[Records to use — start]

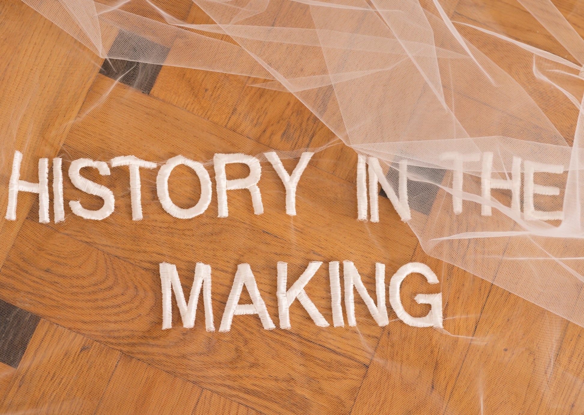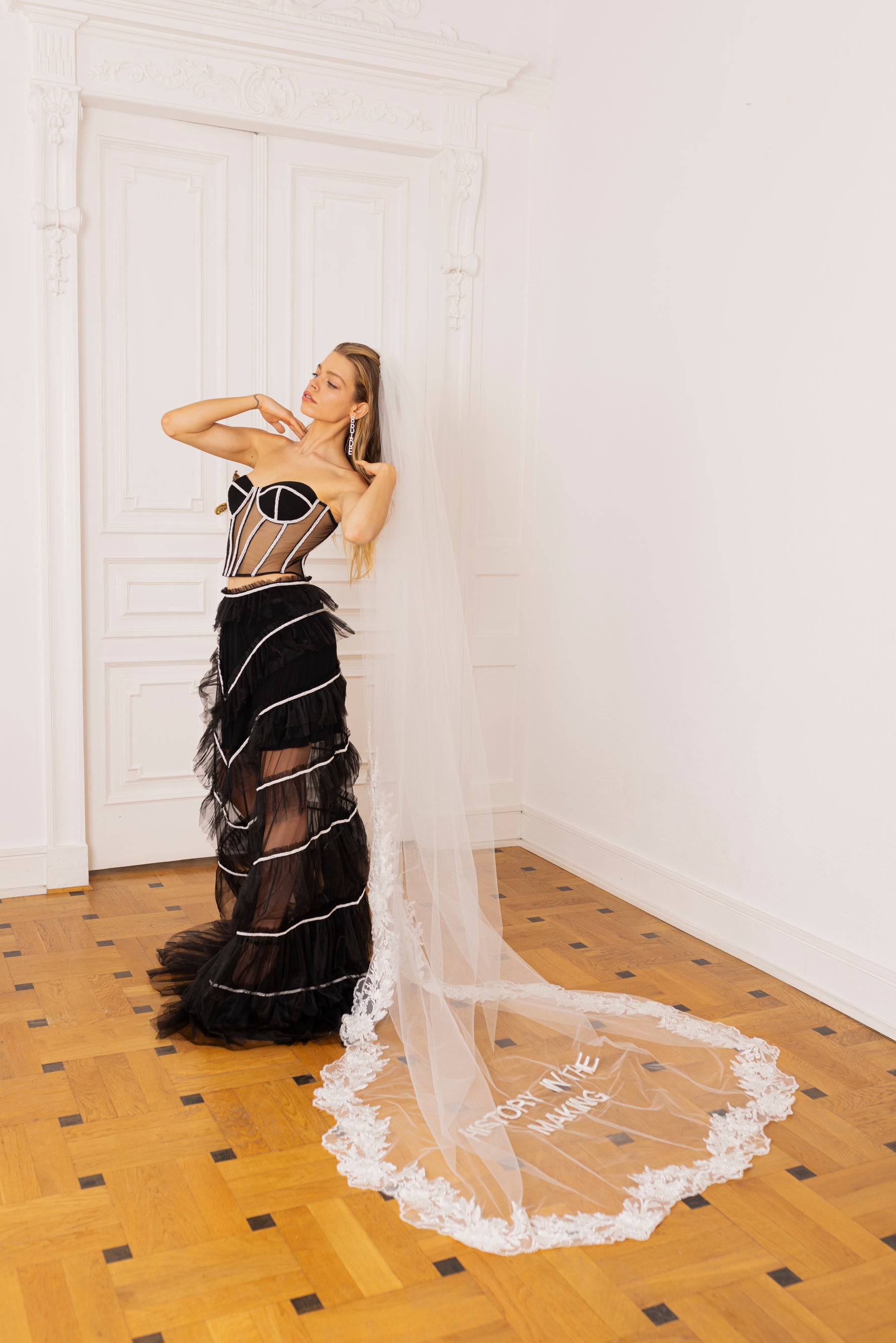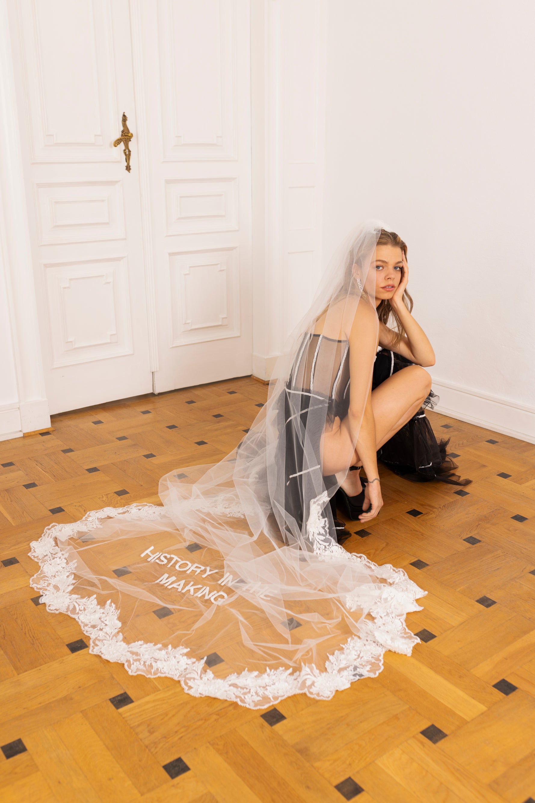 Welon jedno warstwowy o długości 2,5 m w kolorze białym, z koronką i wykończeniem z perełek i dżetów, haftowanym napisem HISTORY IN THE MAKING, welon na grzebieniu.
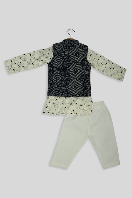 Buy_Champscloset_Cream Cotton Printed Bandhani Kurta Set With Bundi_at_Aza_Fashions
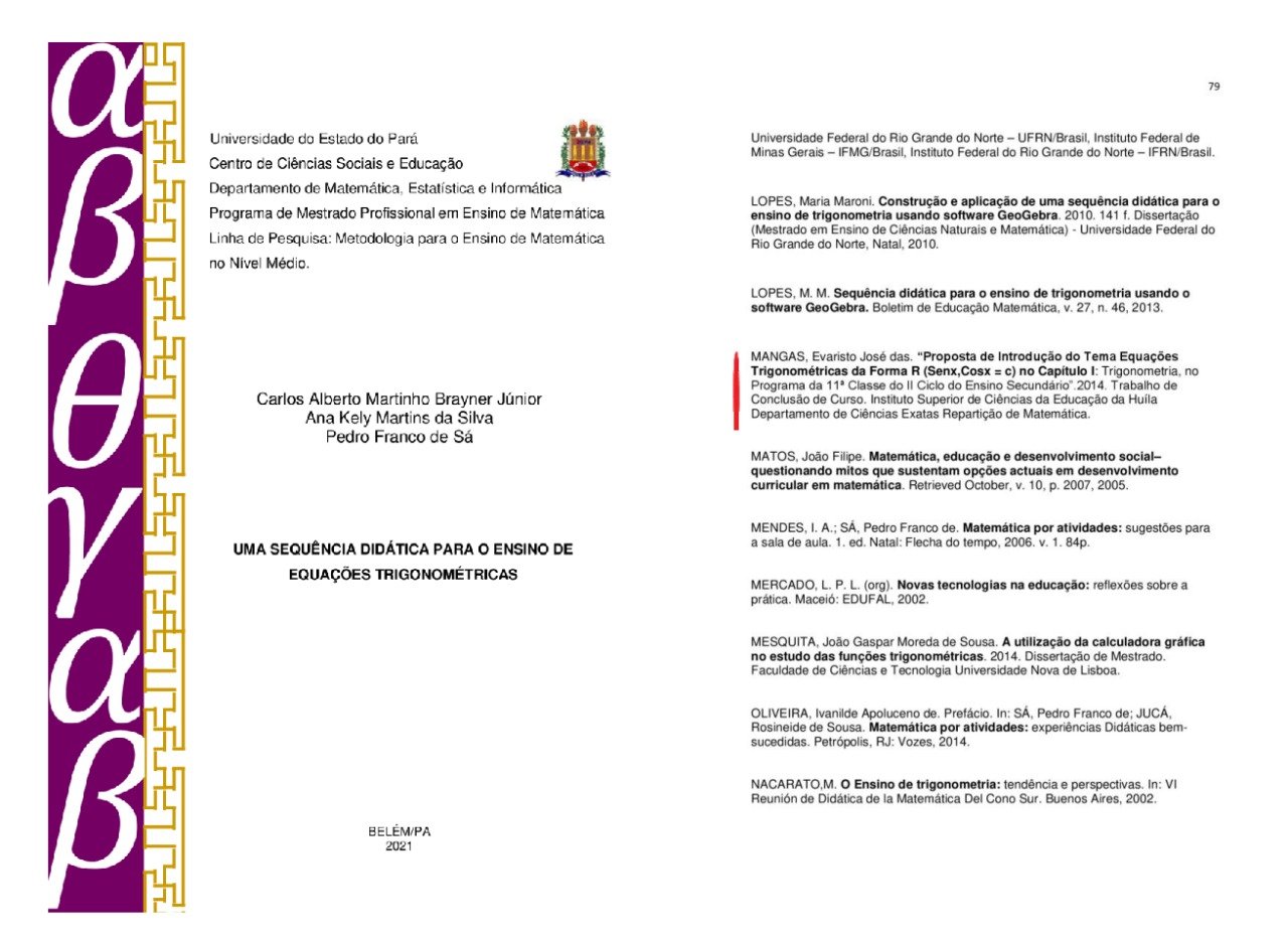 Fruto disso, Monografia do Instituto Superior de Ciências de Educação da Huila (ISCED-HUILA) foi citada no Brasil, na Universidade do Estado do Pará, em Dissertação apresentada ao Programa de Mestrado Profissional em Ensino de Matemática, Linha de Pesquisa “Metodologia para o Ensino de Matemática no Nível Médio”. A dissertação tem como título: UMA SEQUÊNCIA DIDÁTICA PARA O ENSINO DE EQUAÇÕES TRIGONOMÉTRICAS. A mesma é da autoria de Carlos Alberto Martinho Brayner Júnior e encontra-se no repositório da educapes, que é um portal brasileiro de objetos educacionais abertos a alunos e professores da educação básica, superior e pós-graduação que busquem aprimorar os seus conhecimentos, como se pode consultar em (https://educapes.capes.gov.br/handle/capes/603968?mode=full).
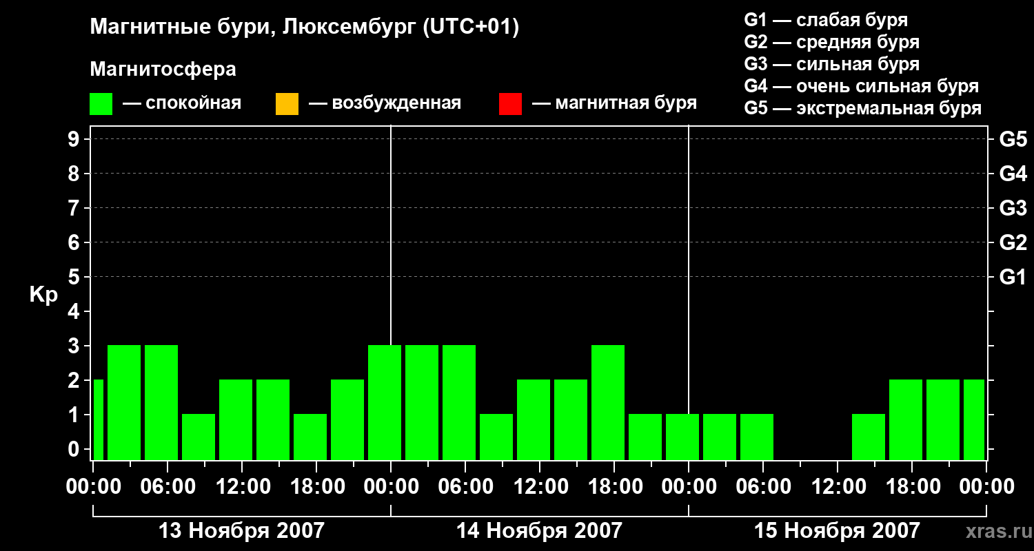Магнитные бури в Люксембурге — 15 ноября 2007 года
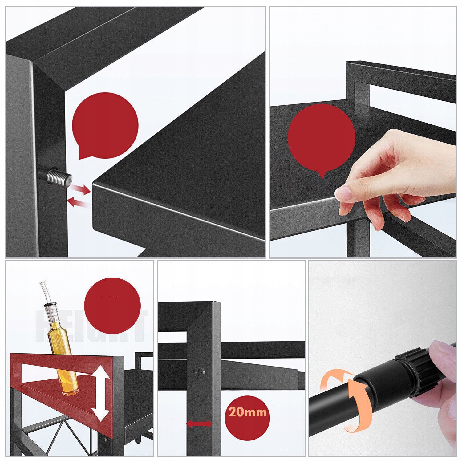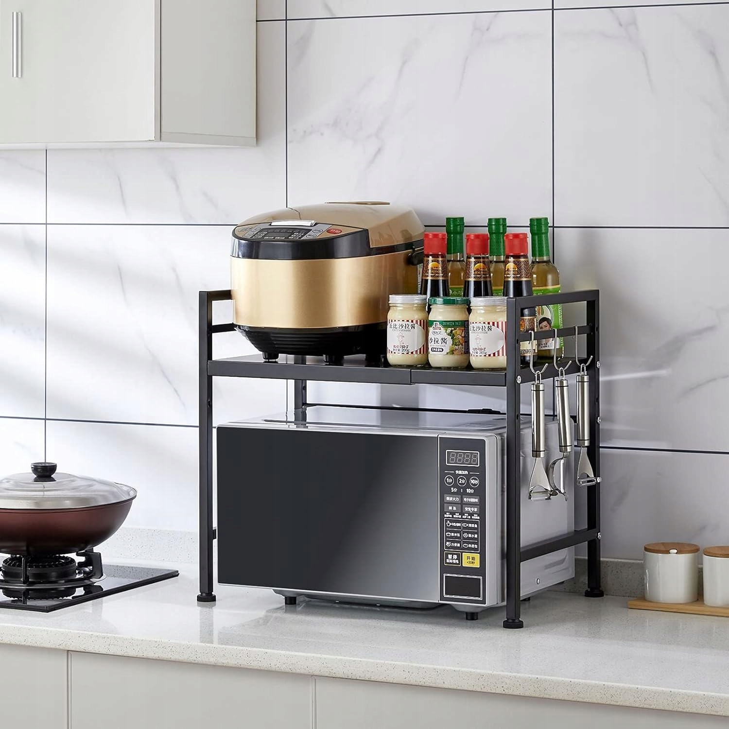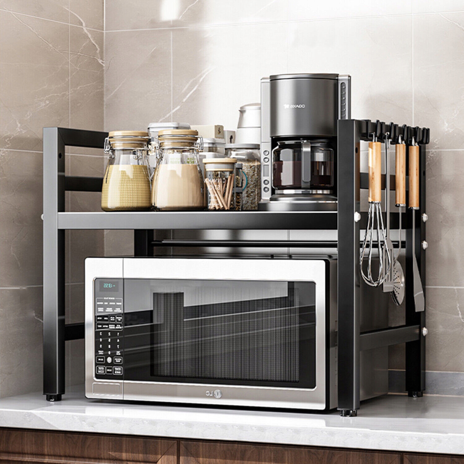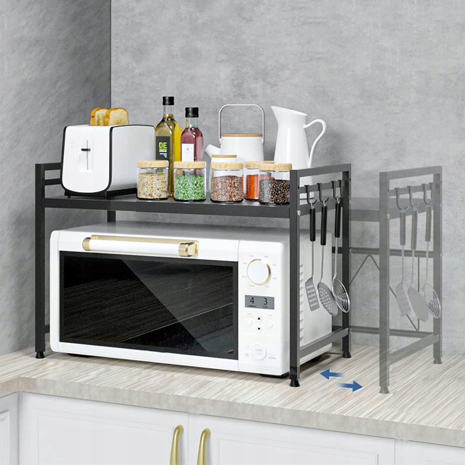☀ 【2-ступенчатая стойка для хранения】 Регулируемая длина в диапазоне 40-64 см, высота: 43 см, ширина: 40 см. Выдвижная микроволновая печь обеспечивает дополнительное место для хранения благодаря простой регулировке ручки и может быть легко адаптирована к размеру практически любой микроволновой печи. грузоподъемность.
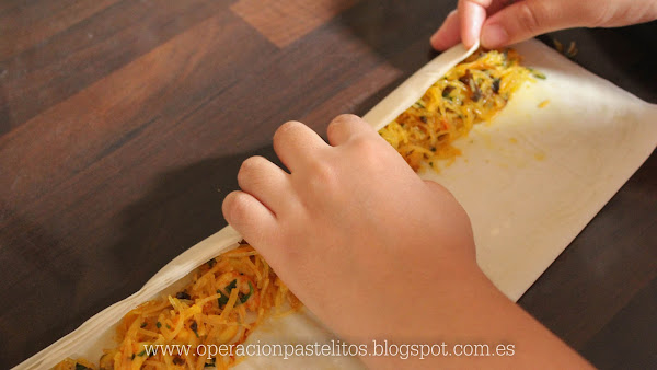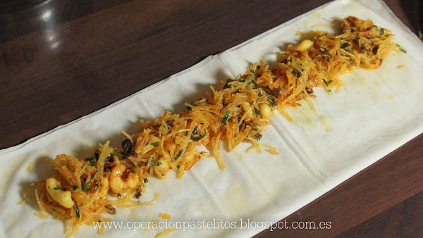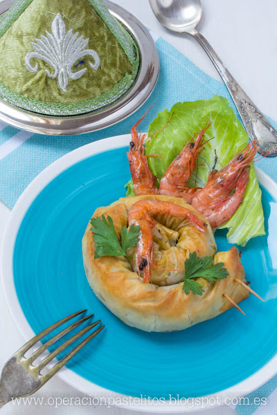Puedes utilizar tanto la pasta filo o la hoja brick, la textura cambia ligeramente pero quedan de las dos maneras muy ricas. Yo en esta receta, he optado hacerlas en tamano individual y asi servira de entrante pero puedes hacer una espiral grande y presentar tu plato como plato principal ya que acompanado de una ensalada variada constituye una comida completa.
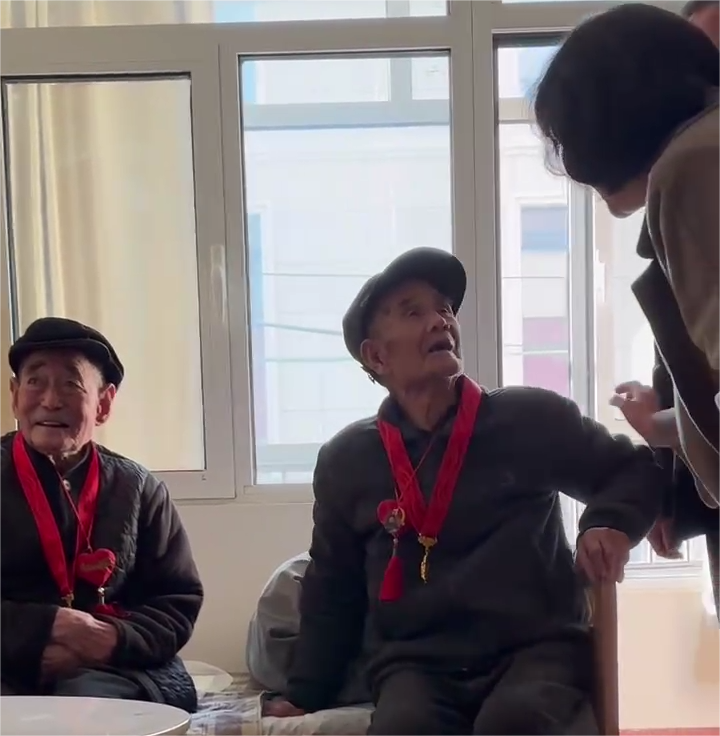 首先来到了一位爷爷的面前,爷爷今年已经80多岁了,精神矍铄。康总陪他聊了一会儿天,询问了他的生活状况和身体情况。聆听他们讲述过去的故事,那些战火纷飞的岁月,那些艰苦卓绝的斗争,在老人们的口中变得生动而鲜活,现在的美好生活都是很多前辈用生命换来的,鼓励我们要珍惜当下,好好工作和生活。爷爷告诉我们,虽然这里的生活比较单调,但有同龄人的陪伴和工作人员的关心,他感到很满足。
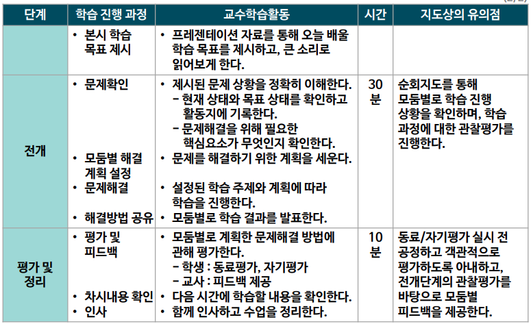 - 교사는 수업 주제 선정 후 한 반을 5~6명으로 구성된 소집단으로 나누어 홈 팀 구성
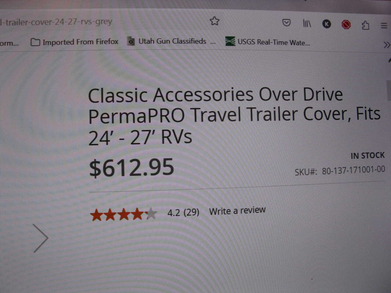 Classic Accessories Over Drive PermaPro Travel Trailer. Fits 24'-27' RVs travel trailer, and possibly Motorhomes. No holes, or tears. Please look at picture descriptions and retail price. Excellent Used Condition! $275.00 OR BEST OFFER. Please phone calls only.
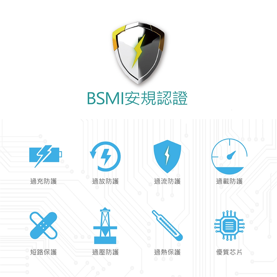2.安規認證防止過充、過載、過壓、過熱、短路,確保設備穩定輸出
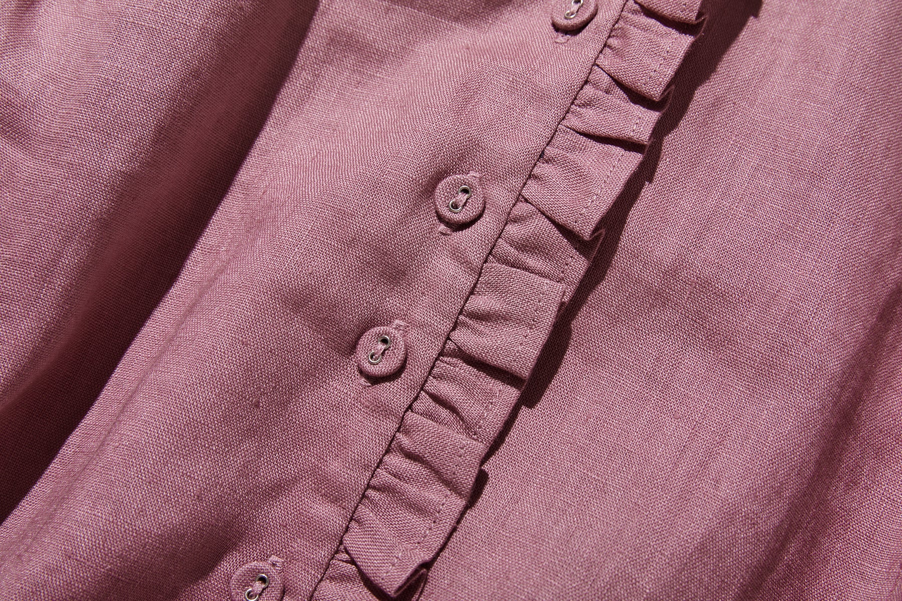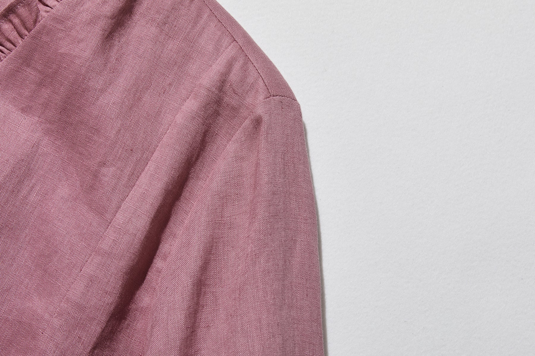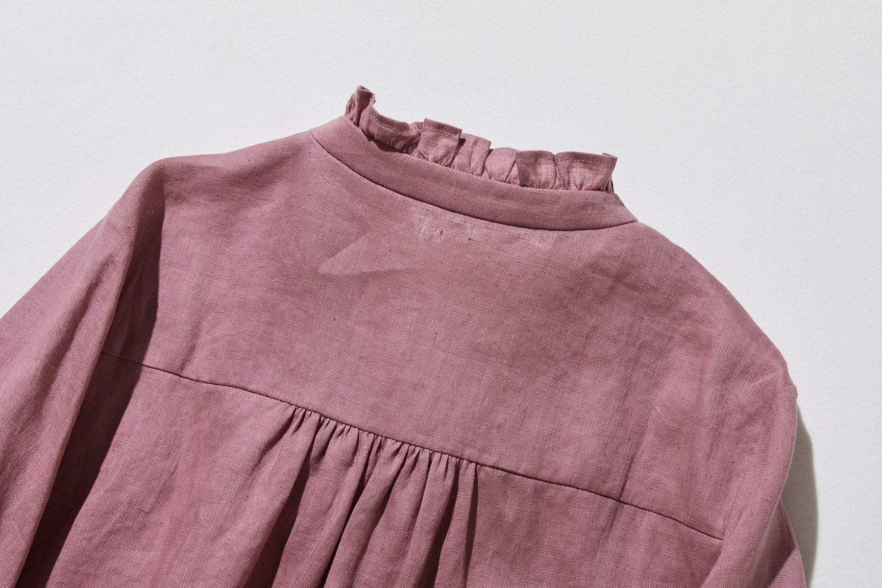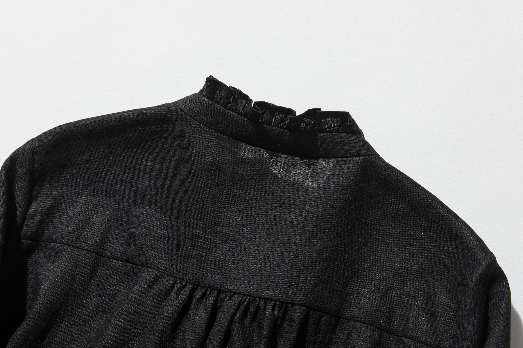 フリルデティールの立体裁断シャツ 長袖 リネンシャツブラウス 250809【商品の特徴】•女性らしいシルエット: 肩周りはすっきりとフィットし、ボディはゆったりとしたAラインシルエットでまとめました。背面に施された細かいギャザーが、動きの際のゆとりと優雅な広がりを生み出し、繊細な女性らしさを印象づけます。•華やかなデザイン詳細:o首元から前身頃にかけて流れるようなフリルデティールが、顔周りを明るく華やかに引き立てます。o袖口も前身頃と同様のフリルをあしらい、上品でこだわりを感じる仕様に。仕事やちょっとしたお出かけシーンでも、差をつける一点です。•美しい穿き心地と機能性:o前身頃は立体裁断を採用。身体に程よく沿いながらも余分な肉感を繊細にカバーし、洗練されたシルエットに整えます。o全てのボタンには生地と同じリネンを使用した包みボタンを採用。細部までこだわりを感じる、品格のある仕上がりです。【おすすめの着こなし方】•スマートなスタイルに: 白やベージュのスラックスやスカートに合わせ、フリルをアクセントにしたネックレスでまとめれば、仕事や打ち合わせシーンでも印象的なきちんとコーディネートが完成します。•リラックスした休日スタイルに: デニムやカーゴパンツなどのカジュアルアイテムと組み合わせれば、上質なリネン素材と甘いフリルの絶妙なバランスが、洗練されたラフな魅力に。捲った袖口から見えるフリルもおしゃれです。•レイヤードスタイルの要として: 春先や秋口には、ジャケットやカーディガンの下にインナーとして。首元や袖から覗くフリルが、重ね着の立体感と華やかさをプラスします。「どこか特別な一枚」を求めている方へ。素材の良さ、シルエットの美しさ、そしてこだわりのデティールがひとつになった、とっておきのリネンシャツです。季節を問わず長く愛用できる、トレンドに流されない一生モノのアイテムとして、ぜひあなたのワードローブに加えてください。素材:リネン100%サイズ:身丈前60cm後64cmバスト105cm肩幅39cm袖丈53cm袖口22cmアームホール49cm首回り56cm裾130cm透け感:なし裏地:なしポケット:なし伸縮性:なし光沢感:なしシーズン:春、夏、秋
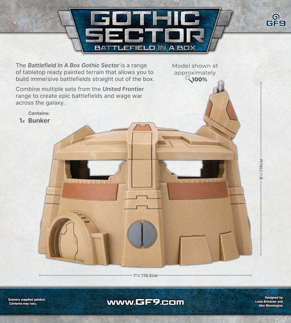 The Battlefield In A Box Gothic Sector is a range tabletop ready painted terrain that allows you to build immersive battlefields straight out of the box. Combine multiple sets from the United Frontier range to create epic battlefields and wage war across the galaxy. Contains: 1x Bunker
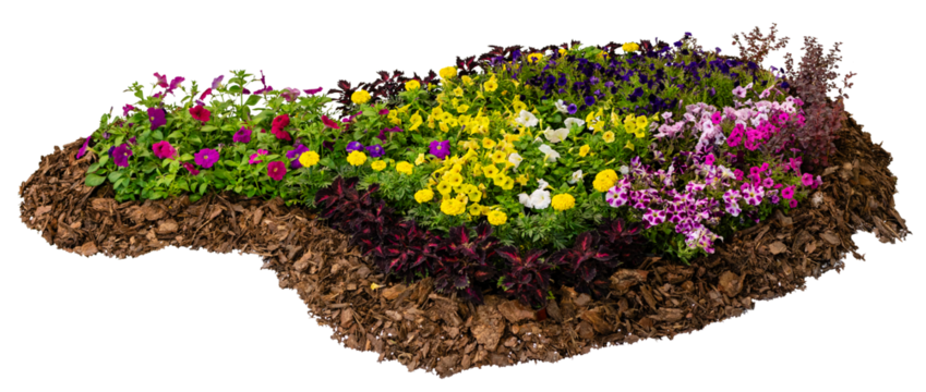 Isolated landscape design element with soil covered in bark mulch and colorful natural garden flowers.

[Records to use — finish]

Task requirements ▸ Print the entries as they stand, first line through the line holding "Buy_Champscloset_Cream Cotton Printed", with every picture removed.

Solution to this exercise ▸
 Welon jedno warstwowy o długości 2,5 m w kolorze białym, z koronką i wykończeniem z perełek i dżetów, haftowanym napisem HISTORY IN THE MAKING, welon na grzebieniu.
 Buy_Champscloset_Cream Cotton Printed Bandhani Kurta Set With Bundi_at_Aza_Fashions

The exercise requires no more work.